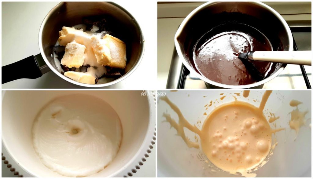 Finalmente añadimos el chocolate fundido mezclando durante unos minutos e incorporando bien el chocolate al resto de la masa.
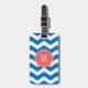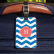 Étiquette À Bagage Éblouissante Bleue et Blanc Chevron Monogramme Bag
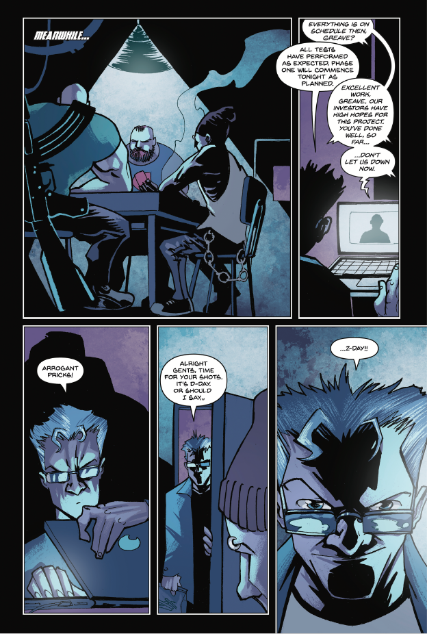 Dr. Thurlow Greave has just released a weaponised contagion on London, turning everyone infected into a mindless zombie. The band are forced to fight their way out, finding themselves not only immune to this infection among their fellow revellers, but with heightened reflexes and aggression as well.
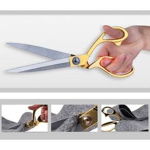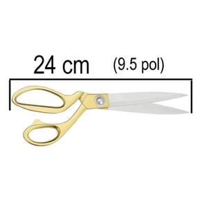 Tesoura para alfaiate de polegadas profissional costura tecido dourada Medida 24 cm 9.5 polegadas Fabricada em aço inox reforçada para costura com cabo metálico dourado. Reconhecida mundialmente, essa linha é de qualidade , esse modelo de tesoura é para , doméstico e/ou para sua empresa. Com fácil manuseio e muito confortável, possuem excepcional resistência e durabilidade. Item ideal para alfaiataria, artesanato, costura, papel, plástico e borracha. Cabo: dourado e em metal resistente. Restrições e riscos: tenha cuidado ao manusear produtos cortantes e perfurantes e mantenha-os fora do alcance de crianças. Durabilidade: indeterminada. Para melhor conservação da sua tesoura evite quedas, mantenha-a sempre seca, lubrificada e em local seguro, longe do alcance das crianças. Embalagem: em blister de caixa de papelão e plástico transparente Marca: A
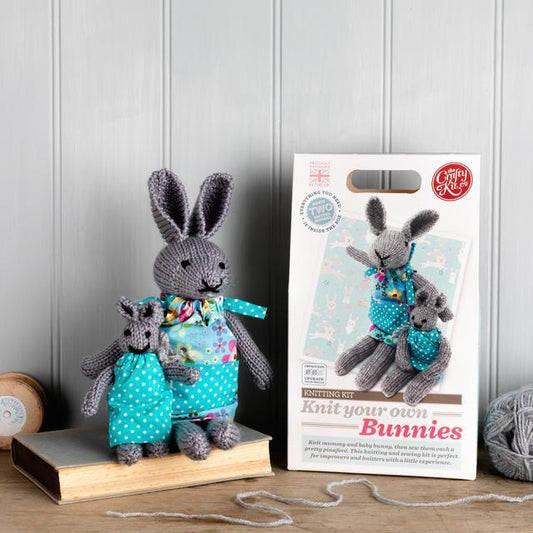 Knit Your Own Bunnies Kit - Finished Size Approx 35cm mum, 20cm baby
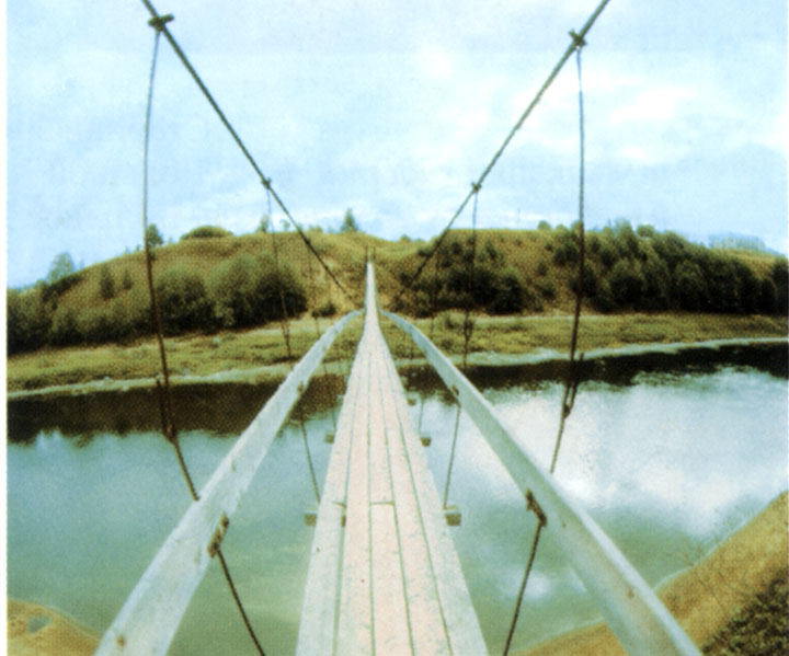 е - висячий мост через реку в с. Верхний Спас Тарногского р-на. Фото А. О. Якубовича-Ясного, 1995 г.
====
What to do: A faithful copy of all the records is required, with the pictures left out.

Response to this exercise:
 Finalmente añadimos el chocolate fundido mezclando durante unos minutos e incorporando bien el chocolate al resto de la masa.
 Étiquette À Bagage Éblouissante Bleue et Blanc Chevron Monogramme Bag
 Dr. Thurlow Greave has just released a weaponised contagion on London, turning everyone infected into a mindless zombie. The band are forced to fight their way out, finding themselves not only immune to this infection among their fellow revellers, but with heightened reflexes and aggression as well.
 Tesoura para alfaiate de polegadas profissional costura tecido dourada Medida 24 cm 9.5 polegadas Fabricada em aço inox reforçada para costura com cabo metálico dourado. Reconhecida mundialmente, essa linha é de qualidade , esse modelo de tesoura é para , doméstico e/ou para sua empresa. Com fácil manuseio e muito confortável, possuem excepcional resistência e durabilidade. Item ideal para alfaiataria, artesanato, costura, papel, plástico e borracha. Cabo: dourado e em metal resistente. Restrições e riscos: tenha cuidado ao manusear produtos cortantes e perfurantes e mantenha-os fora do alcance de crianças. Durabilidade: indeterminada. Para melhor conservação da sua tesoura evite quedas, mantenha-a sempre seca, lubrificada e em local seguro, longe do alcance das crianças. Embalagem: em blister de caixa de papelão e plástico transparente Marca: A
 Knit Your Own Bunnies Kit - Finished Size Approx 35cm mum, 20cm baby
 е - висячий мост через реку в с. Верхний Спас Тарногского р-на. Фото А. О. Якубовича-Ясного, 1995 г.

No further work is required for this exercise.